Before counting words, we want to lemmatize everything. This step helps to reduce dimensionnality of our data. 
<br>
Here's simple tokenizer/lemmatizer using NLTK :

In [8]:
from nltk.tokenize import word_tokenize
from nltk.stem import WordNetLemmatizer

lemmatizer = WordNetLemmatizer()
stopwords = [l.rstrip() for l in open('stopwords.txt').read()]

def tokenize(document):
    # Put everything to lowercase
    document = document.lower()
    
    # Split document into words (=tokens) 
    tokens = word_tokenize(document)
    
    # Remove all words that are too small
    tokens = [t for t in tokens if len(t) > 2]
    
    # Remove all stopwords
    tokens = [t for t in tokens if t not in stopwords]
    
    # Turn tokens into their base form
    tokens = [lemmatizer.lemmatize(t) for t in tokens]
    
    # Removes all digits
    tokens = [t for t in tokens if not any(c.isdigit() for c in t)] 
    
    return tokens


# Tokenize all documents
all_tokens = [tokenize(d) for d in documents]

## Step 2 : Computing TF (Term-frequency)

Here, we're going to compute the term-frequency matrix which is defined as follows: $tf_{i,j} = \frac{n_{i,j}}{\sum_{k} n_{k,j}}$
<br>
Where i is the index of ith word, j is the index of the current document, and $\sum_{k} n_{k,j}$ is the total of words in that document.

First, we want to give every token an unique index.

In [9]:
import itertools

# Get all tokens in a single array and removes duplicates 
vocabulary = list(set(itertools.chain.from_iterable(all_tokens)))
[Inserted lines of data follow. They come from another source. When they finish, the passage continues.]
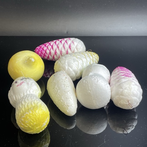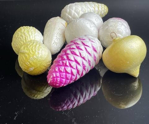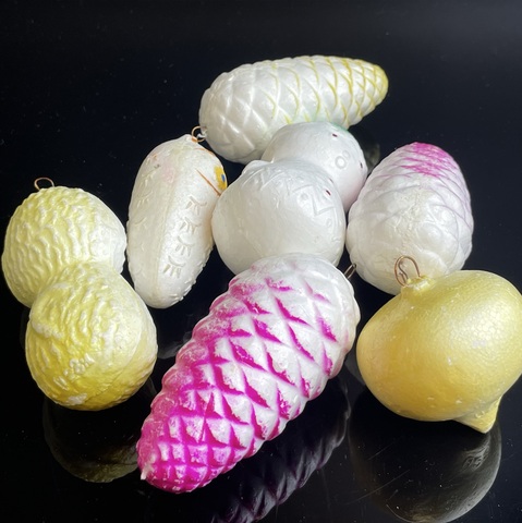 Ёлочные игрушки набор 7 разных из пенопласта, шишки, снеговик, репка и др, винтаж СССР 1960-1980 гг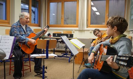Die Gitarren-AG ist aus unserer Schule nicht mehr wegzudenken. Konrad Vollmer bringt mit viel Engagement unseren Schülerinnen und Schülern das Gitarre spielen bei.
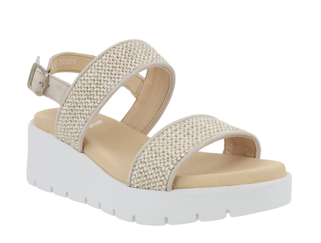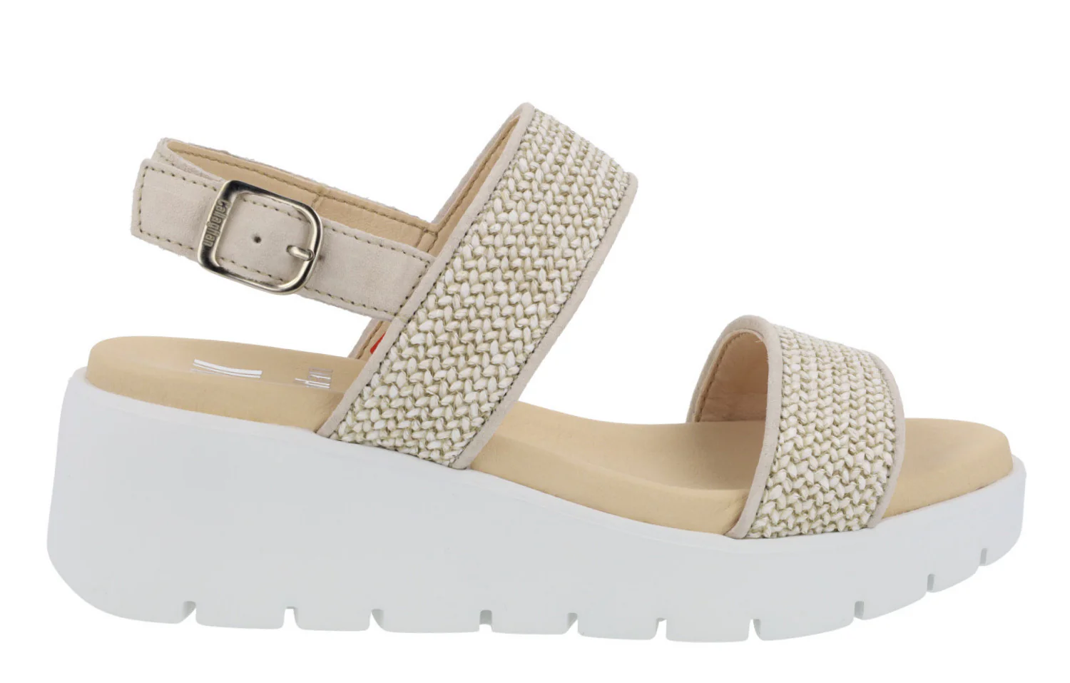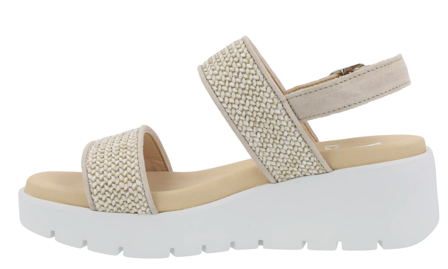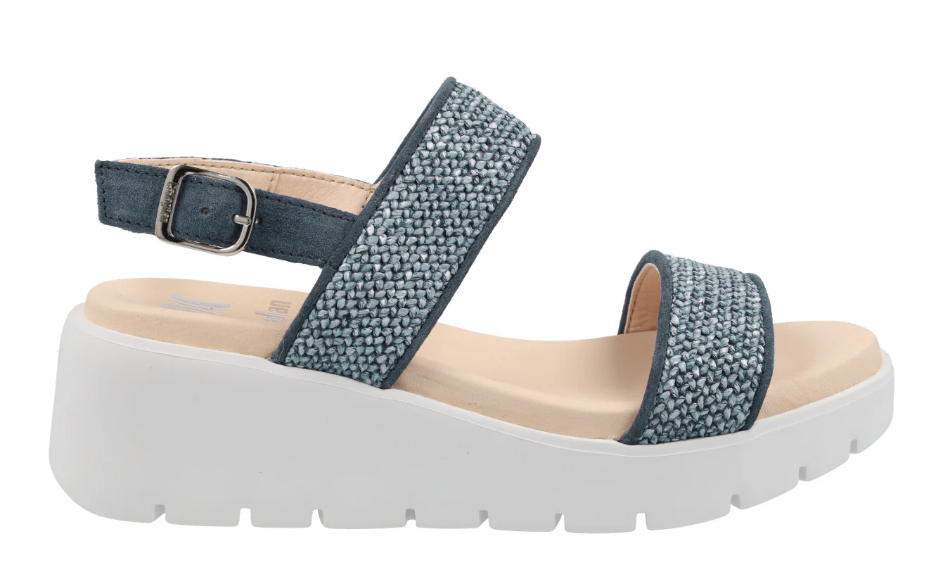 Sandalias confort para mujer de la marca Callaghan modelo 32001 Marino. Sandalias elaboradas en serraje azul marino y rafia trenzada azul. Con dos tiras anchas en la parte delantera y una tira con hebilla al talón. Interior y planta en microfibra. Piso blanco de goma muy ligero (Extralight) de 6 cms de altura en la parte trasera (3 cms parte delantera).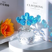 Handmade Crystal Champagne Rose Flower Figurine with Round Vase Romantic Rose Gifts for Women on Wedding Valentine's Chrismas Glass Rose Flowers for Girlfriend Wife Home Table Decorations 21
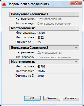Пример сведений о соединении воздуховода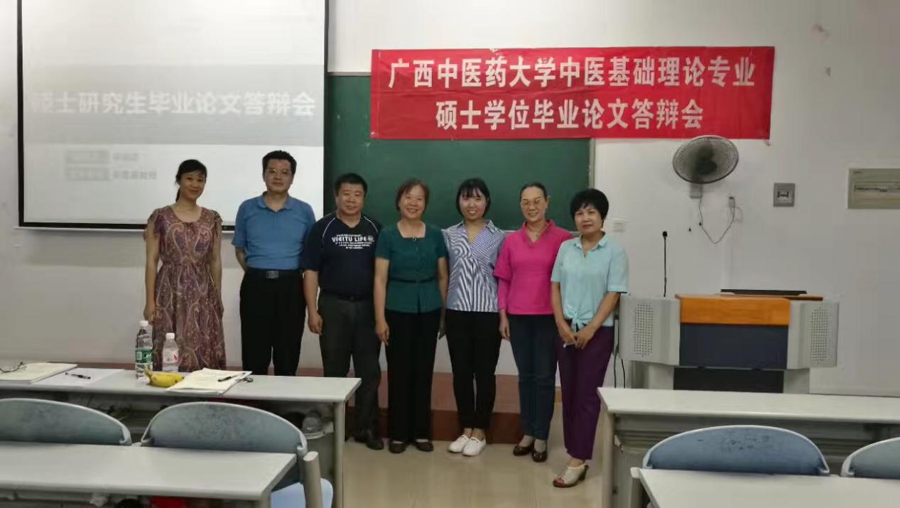 2017年5月27日晚, 2017届中医英语翻译硕士生李辰蝶同学毕业论文答辩在明秀校区新西一教室成功举行。答辩委员由广西师范学院和Beat365基础医学院,国际教育学院及外语部共五名专家组成,广西师范学院黄斗教授担任主席。外语部吴莲英教授作为导师出席了答辩会。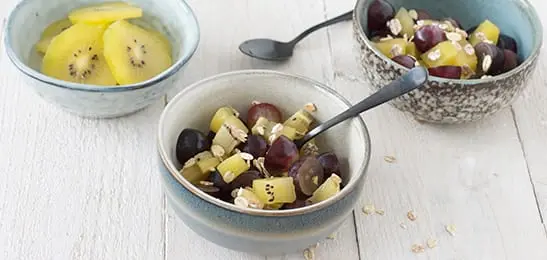 Meng het fruit met het sinaasappelsap en verdeel dit over 2 schaaltjes.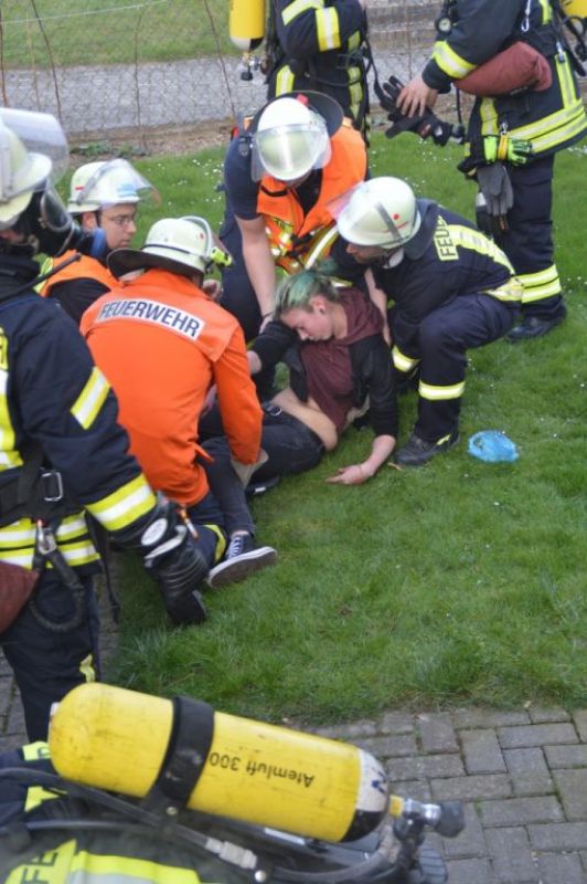 Beiden gaben Ihren Angriffstrupps die Aufträge Menschenrettung unter PA und ein weiterer Trupp rüstete sich als Rettungstrupp aus. Die Wasserversorgung wurde Parallel aufgebaut. Der Angriffstrupp fand die ersten von fünf verletzten Personen im Kellerbereich sehr schnell. Sie wurde nach draußen gebracht. Das stellte sich aber gar nicht so einfach dar, da sie wild um sich schlug und schrie. Dies hatte Nadine so täuschend echt gespielt, dass wir teilweise nicht mehr wussten ob es Spiel ist oder ob sie gerade in einer echten Notlage ist. Sie wurde von weiteren Kameraden zum Verletzten Sammelplatz gebracht, so dass der Angriffstrupp sofort weiter nach Personen suchen konnte. Dann fanden Sie Ole mit einem offenen Schienbeinbruch. Ole wimmerte nur leise vor sich hin und konnte auch keine Auskunft geben, wieviel Personen sich im Keller befinden. Auch er wurde zum Verletzten Sammelplatz gebracht.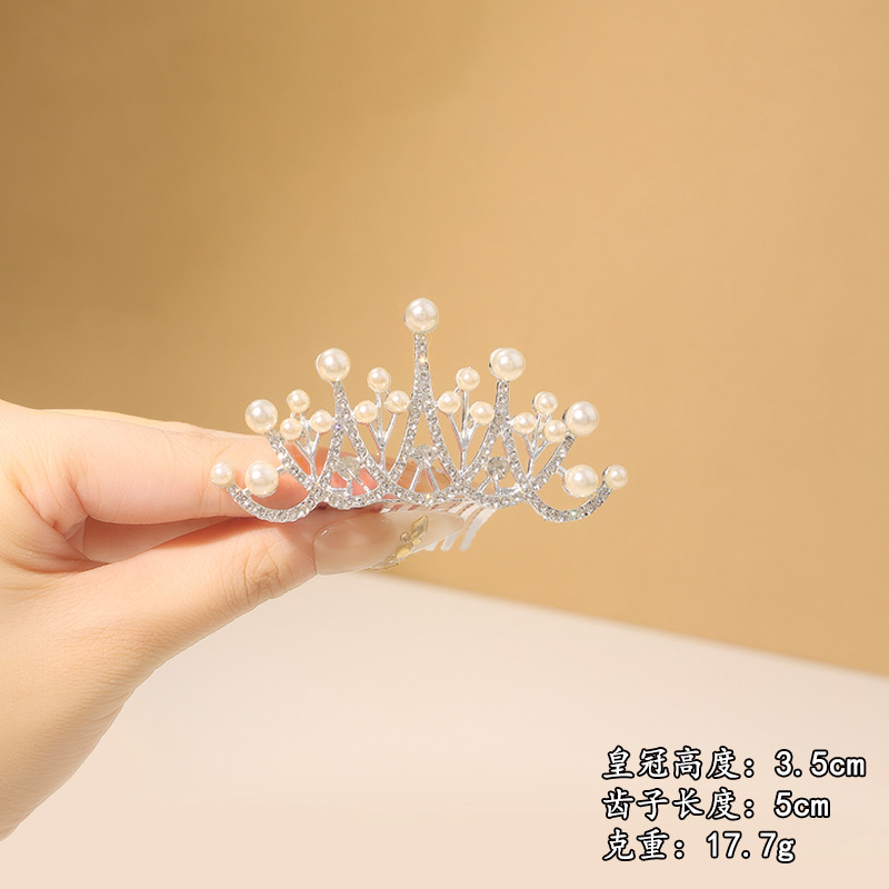 儿童公主发梳皇冠头饰女童宝宝高级感水钻发卡插梳小女孩生日王冠

# Dict that maps word: index
word_index_map = {w: i for i, w in enumerate(vocabulary)}

print(word_index_map)

{'described': 0, 'now': 1, 'martin': 2, 'wheaton': 3, 'role': 4, 'classic': 5, 'van': 6, 'directed': 7, 'malibu': 8, 'girl': 9, 'coogan': 10, 'ever': 11, 'have': 12, 'engineered': 13, 'combat': 14, 'snake': 15, 'jenny': 16, 'genus': 17, 'ian': 18, 'movie': 19, 'keith': 20, 'several': 21, 'leroy': 22, 'wesson': 23, 'word': 24, 'colt': 25, 'smeets': 26, 'krueger': 27, 'casper': 28, 'targeted': 29, 'also': 30, 'bowe': 31, 'his': 32, 'two': 33, 'python': 34, 'elm': 35, 'escape': 36, 'nightmare': 37, 'asia': 38, 'town': 39, 'jeff': 40, 'sean': 41, 'made-for-tv': 42, 'smith': 43, 'nonvenomous': 44, 'found': 45, 'fame': 46, 'renee': 47, 'street': 48, 'feature': 49, 'specie': 50, 'boa': 51, 'reticulatus': 52, 'hartford': 53, 'mccarthy': 54, 'same': 55, 'william': 56, 'made': 57, 'πύθων/πύθωνας': 58, 'sometimes': 59, 'for': 60, 'wil': 61, 'whalen': 62, 'itself': 63, 'connecticut': 64, 'manufactured': 65, 'known': 66, 'los': 67, 'sequel': 68, 'collector': 69, 'revolver': 70, 'year': 71, 'best': 

<br>
Now let's cmpute TF for every documents:
<br>

In [15]:
D = len(all_tokens)
W = len(vocabulary)

tf = np.zeros((D, W))
for i in range(D):
    total_words = len(all_tokens[i])
    for t in all_tokens[i]:
        tf[i,word_index_map[t]] += 1/total_words

## Step 3: Computing IDF ( Inverse Document Frequency)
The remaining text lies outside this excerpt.